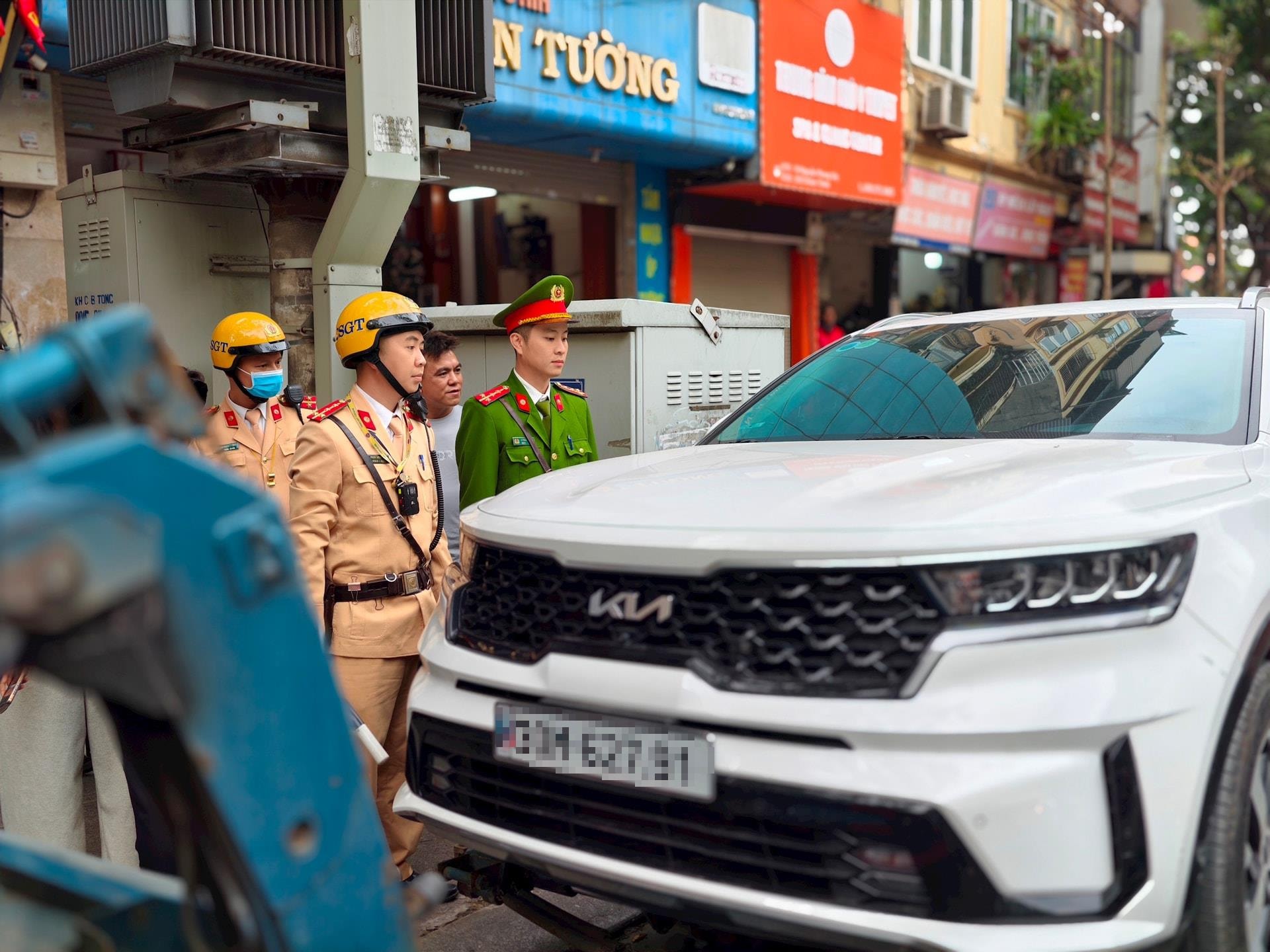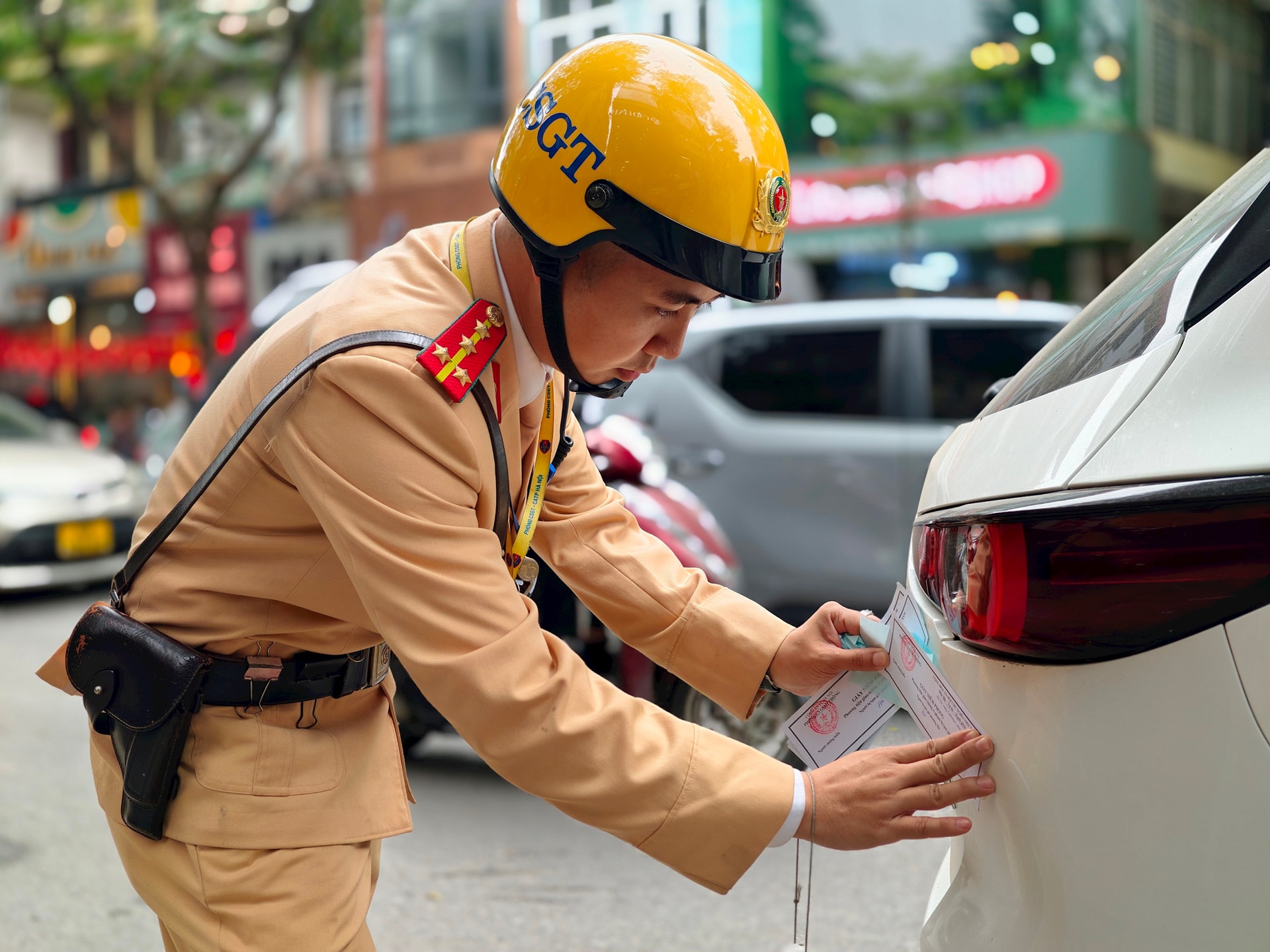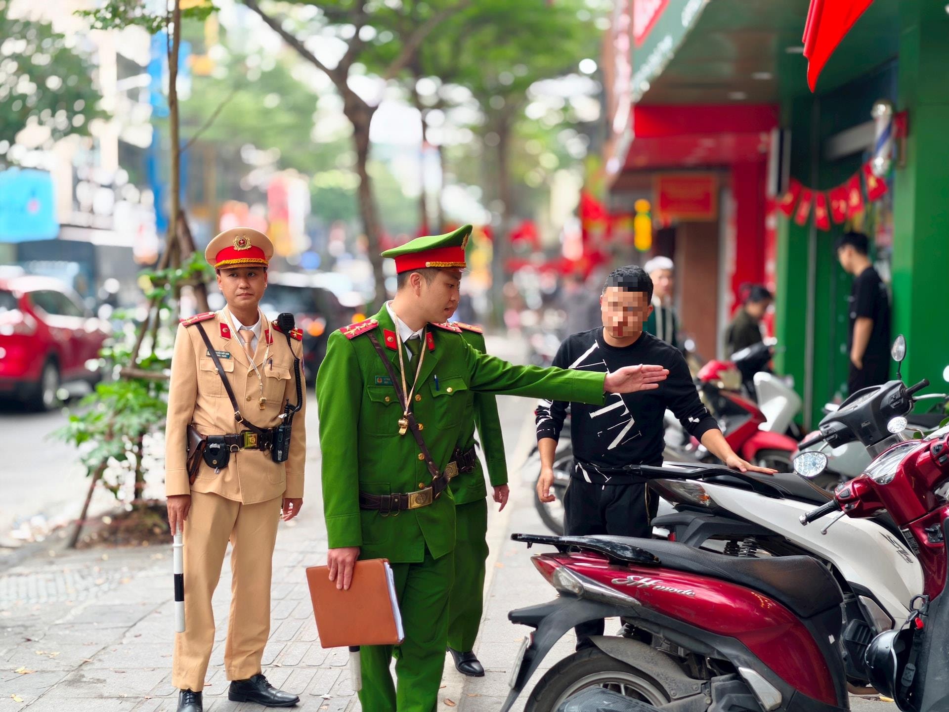 Ghi nhận thực tế, lực lượng cảnh sát giao thông tập trung xử lý các phương tiện dừng đỗ sai quy định và các vi phạm tiềm ẩn nguy cơ gây ùn tắc giao thông. Trong khi đó, cảnh sát quản lý hành chính về trật tự xã hội phối hợp với Công an phường Văn Miếu - Quốc Tử Giám chủ yếu xử lý các hành vi lấn chiếm vỉa hè, lòng đường để kinh doanh, bày bán hàng hóa, đặt biển quảng cáo sai quy định.
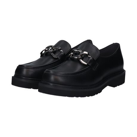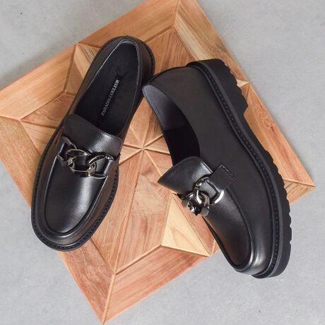 存在感のあるメタルチェーンが目を引くレザーローファーは、カジュアルからきれいめまで幅広いスタイルに合わせやすく、長時間歩いても疲れにくい快適な履き心地です。
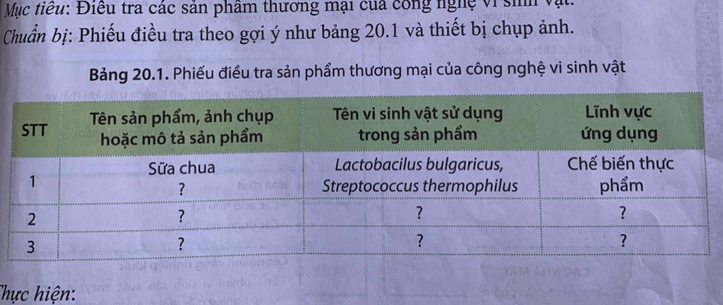 Bảng 20.1. Phiếu điều tra sản phẩm thương mại của công nghệ vi sinh vật
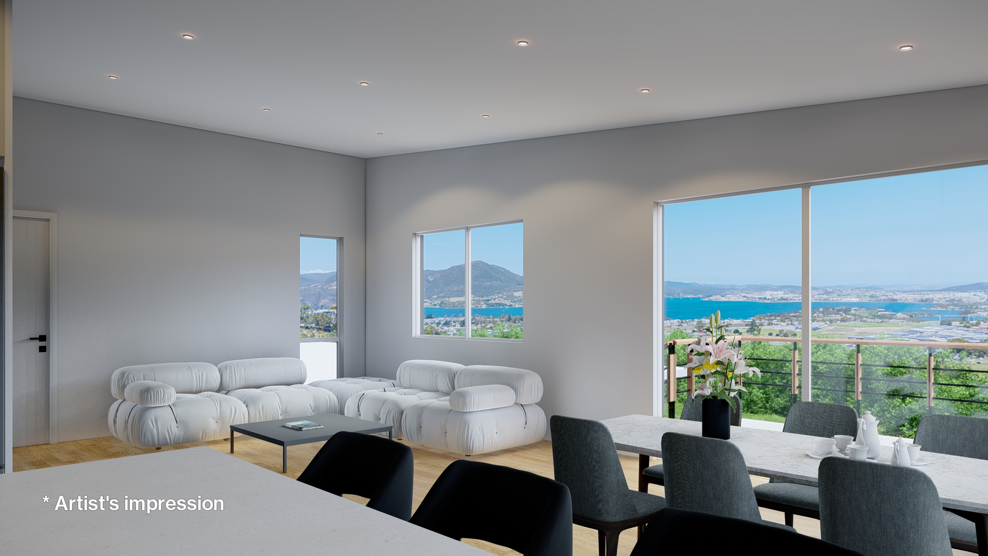 Each dwelling faces north easterly for plenty of natural sunlight and offers stunning water views, overlooking MONA, with impressive rolling mountains in the backdrop & a short commute to the local Claremont golf course.
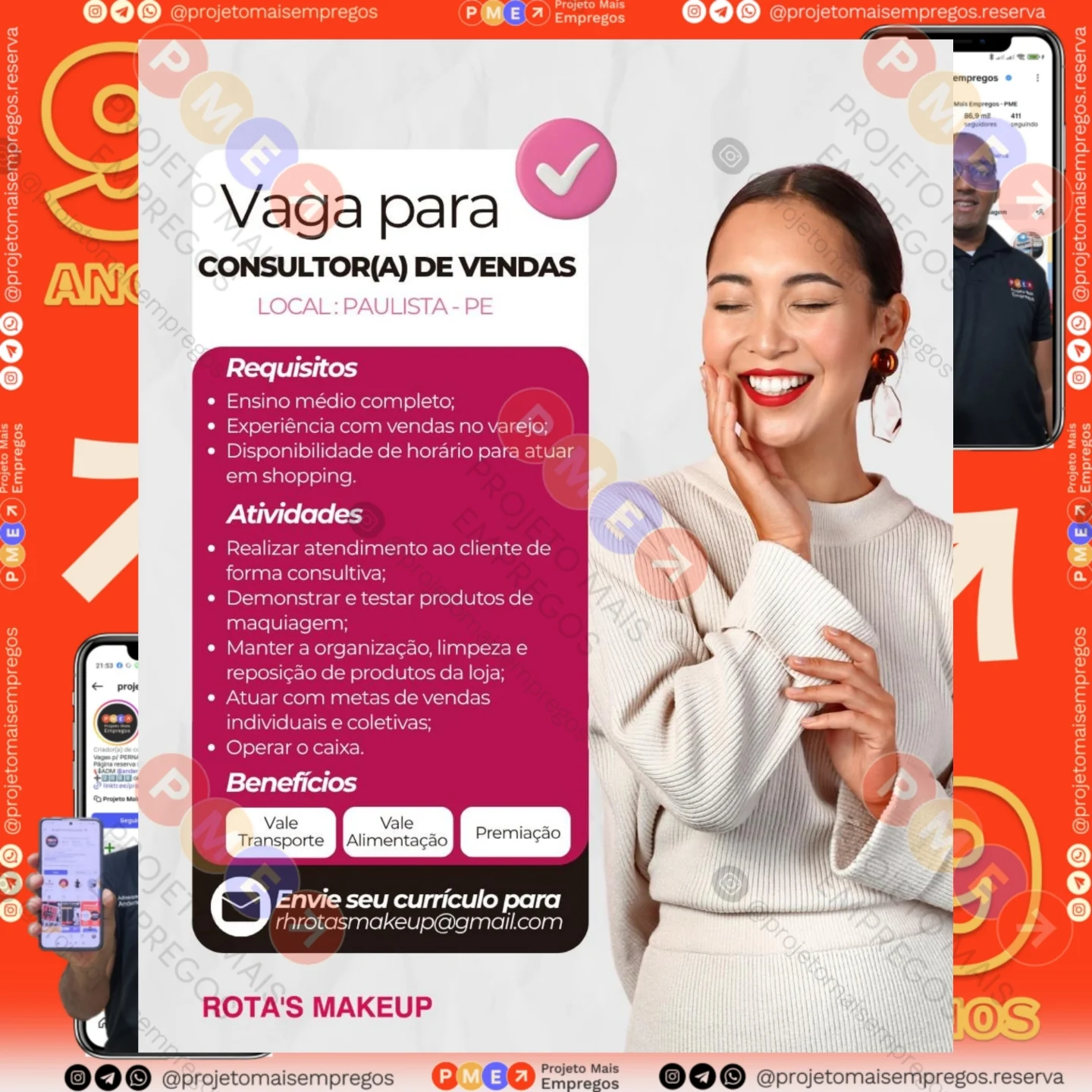 Benefícios: CONSULTOR(A) DE VENDAS: bonificação/premiação, comissão/gratificação, convênios, vale-alimentação, vale-transporte; VENDEDOR(A): cesta básica, convênios, plano de saúde, plano odontológico, vale-alimentação, vale-transporte; ATENDENTE: vale-alimentação, vale-transporte; PROMOTOR(A) DE VENDAS: convênios, day off de aniversário, vale-alimentação, vale-transporte
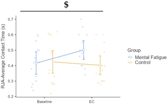 Repeated jump ability (RJA): average contact time across phases and groups. Note: RJA-Average Contact Time (mean ± SE) for the mental fatigue and control groups across sessions (pre vs. post). $ = significant group × session interaction. RJA-Average Contact Time: a significant group × session interaction ($ p < 0.05) was identified.
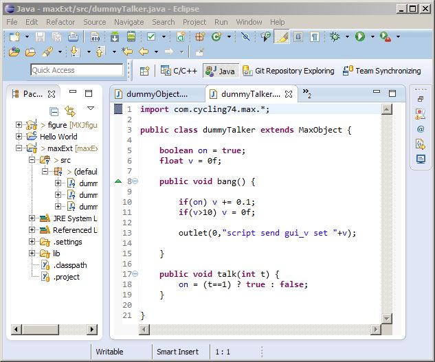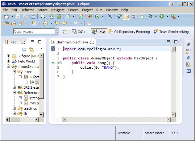 import com.cycling74.max.*; public class dummyObject extends MaxObject { public void bang() { outlet(0, "BANG"); } } - As soon as you save the file, Eclipse will autocompile it for you. Check your project directory, you should find a dummyObject.class inside the /bin directory. (The .java files inside the /src directory are the source files, while the .class files are compiled code)

■ ABOUT THIS TASK ■
Take the line that contains "Benefícios: CONSULTOR(A) DE" and every line after it up to the end of the records above, and restate them exactly, without the pictures.

■ ANSWER TO THIS EXERCISE ■
 Benefícios: CONSULTOR(A) DE VENDAS: bonificação/premiação, comissão/gratificação, convênios, vale-alimentação, vale-transporte; VENDEDOR(A): cesta básica, convênios, plano de saúde, plano odontológico, vale-alimentação, vale-transporte; ATENDENTE: vale-alimentação, vale-transporte; PROMOTOR(A) DE VENDAS: convênios, day off de aniversário, vale-alimentação, vale-transporte
 Repeated jump ability (RJA): average contact time across phases and groups. Note: RJA-Average Contact Time (mean ± SE) for the mental fatigue and control groups across sessions (pre vs. post). $ = significant group × session interaction. RJA-Average Contact Time: a significant group × session interaction ($ p < 0.05) was identified.
 import com.cycling74.max.*; public class dummyObject extends MaxObject { public void bang() { outlet(0, "BANG"); } } - As soon as you save the file, Eclipse will autocompile it for you. Check your project directory, you should find a dummyObject.class inside the /bin directory. (The .java files inside the /src directory are the source files, while the .class files are compiled code)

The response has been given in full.